И это стало меня до того ужасно беспокоить, что я послал узнать: жива ли портнишкина жена и что с нею и детьми делается?
Дворник узнал и говорит: "Ее присуждено выселить, и как раз их сегодня выгоняют: за ними за угол набралось уже шесть рублей".
– Вот-те мне, и ах-ти мне.
А "комчуга" ночью спать не дает и в лица прикидается: задремишь от усталости, а портнишка вдруг является и начинает холодным утюгом по больным местам, как по болвашке, водить… И все водит, все разглаживает да на суставах острым углом налегает…
И так он меня прогладил, что я поскорее дал шесть рублей, не полегчает если уж не на теле, то хоть на совести, – потому так я уверен, что в бедствиях портновской семьи это моя жестокость виновата.
Жена портного оказалась дама чуткого сердца и пришла, чтобы меня благодарить за шесть рублей… А сама вся в лохмотьях, и дети голые…
Дал им еще три рубля…
А как ночь, так портнишка опять идет с холодным утюгом… и зачем это я только наделал?..
Рассердишься и начинаешь думать: а как же мне иначе было сделать? Ведь нельзя же всякому плуту потачку давать? Так все и сомневаюся. А тут Пасха пришла… Портному еще полтора месяца в тюрьме сидеть… Я уж давал его жене и по рублю, и по два много раз, а к Пасхе надо что-нибудь увеличить им пенсию… Ну, по силам своим и увеличил, да жена его о себе иначе понимать стала и на меня недовольна и сердится:
– Кормильца нашего, – говорит, – оковал: что я с детьми теперь сделаю? Ты нас убил – тебя Бог убьет.
И смешно, и досадно, и жалко, и совестно: несравненно бы лучше было, если бы моя шуба с портным вместе пропала с глаз моих. Было бы это тогда и милосерднее да и выгоднее: а теперь если хочешь затворить уста матери голодных и холодных детей – корми воровскую семью, а то где твоя совесть-то явится? Заморить-то ведь это и палач может, а ты, небось, за один стол не хочешь сесть ни с палачом, ни с доносчиком…

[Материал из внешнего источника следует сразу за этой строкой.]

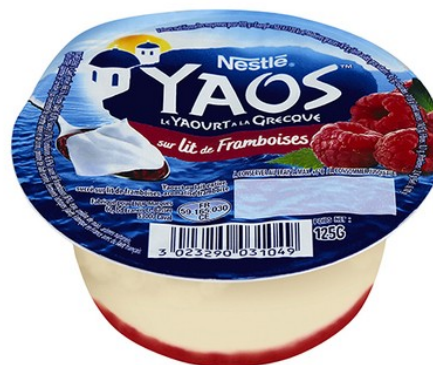
Photo non contractuelle, suggestion de présentation
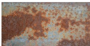
Beginn des Rosteffekts
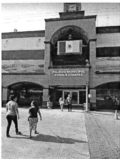
Figura 1- Palacio Municipal Tonalá

2019 “Año del Caudillo del Sur, Emiliano Zapata”
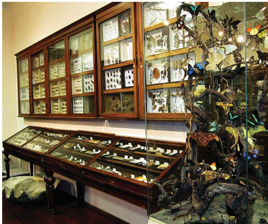
Экспозиция насекомых музея.

Среди многочисленных видов птиц зоологического музея
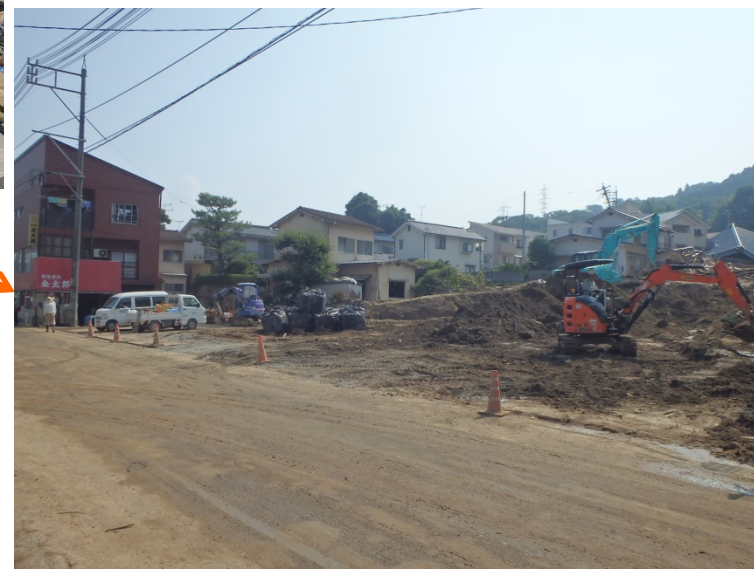
工事用道路入口の堆積物撤去の促進
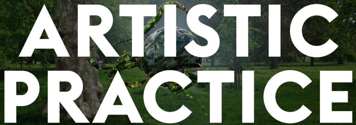
Foto: Jakob Kudsk Steensen, 'The Deep Listener', The Serpentine Galleries
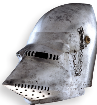
Bacinetto con visiera a becco di passero, Milano 1400-1430, Museo delle Armi "Luigi Marzoli" (inv. E 2)
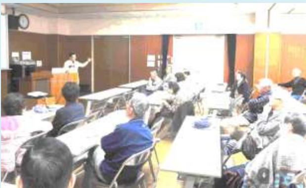
NPO法人についての説明会の様子(1)

南中円卓会議 NPO 法人化の重要項目の一つ、自治会が正会員となることを各自治会で了解してもらうために、3月27日と3月31日の2回、地域の方を対象に南中円卓会議 NPO 法人化の説明会を実施しました。

Кормлю я кое-как семью портнишки – ну, а на душе все противнее… Чувствую, что будто я сделал что-то такое, хуже чем чужую шубу снес… И никак от этого не избавиться…
И вот под самую Пасху все пошли к утрене, а я больной остался один дома и только чуть-чуть задремал, как вдруг ко мне жалует орловский купец Иван Иванович Андросов… Старичок был небольшой, очень полный, с совершенно белой головой, а лет сорок тому назад умер и схоронен в Орле. Последние годы перед своею кончиною он находился в чрезвычайной бедности, а имел очень богатого зятя, который какими-то неправдами завладел его состоянием. Отец мой этого старика уважал и называл праведником, а я только помню, что он ходил в садах яблони прививать и у нас, бывало, если сядет в кресло, то уж никак из него не вылезет: он встает, и кресло на нем висит, как раковина на улитке. Никогда он ни о чем не тужил и про все всегда говорил весело, а когда люди ему напоминали про обиды от дочери и от зятя, то он, бывало, всегда одинаково отнекивался:
– Ну так что ж!
– А вы бы, Иван Иванович, жаловались. А он отвечает:
– Вот тебе еще что ж!
– А помрешь с голоду?
– Ну так что ж!
– И схоронить будет некому.
– Вот тебе еще что ж! Говорили: он глуп.
А он не был глуп: он пришел к нам на Рождество и все ел вареники и похваливал:
– Точно, – говорит, – будто я тепленькими хлопочками напихался – и вставать не хочется.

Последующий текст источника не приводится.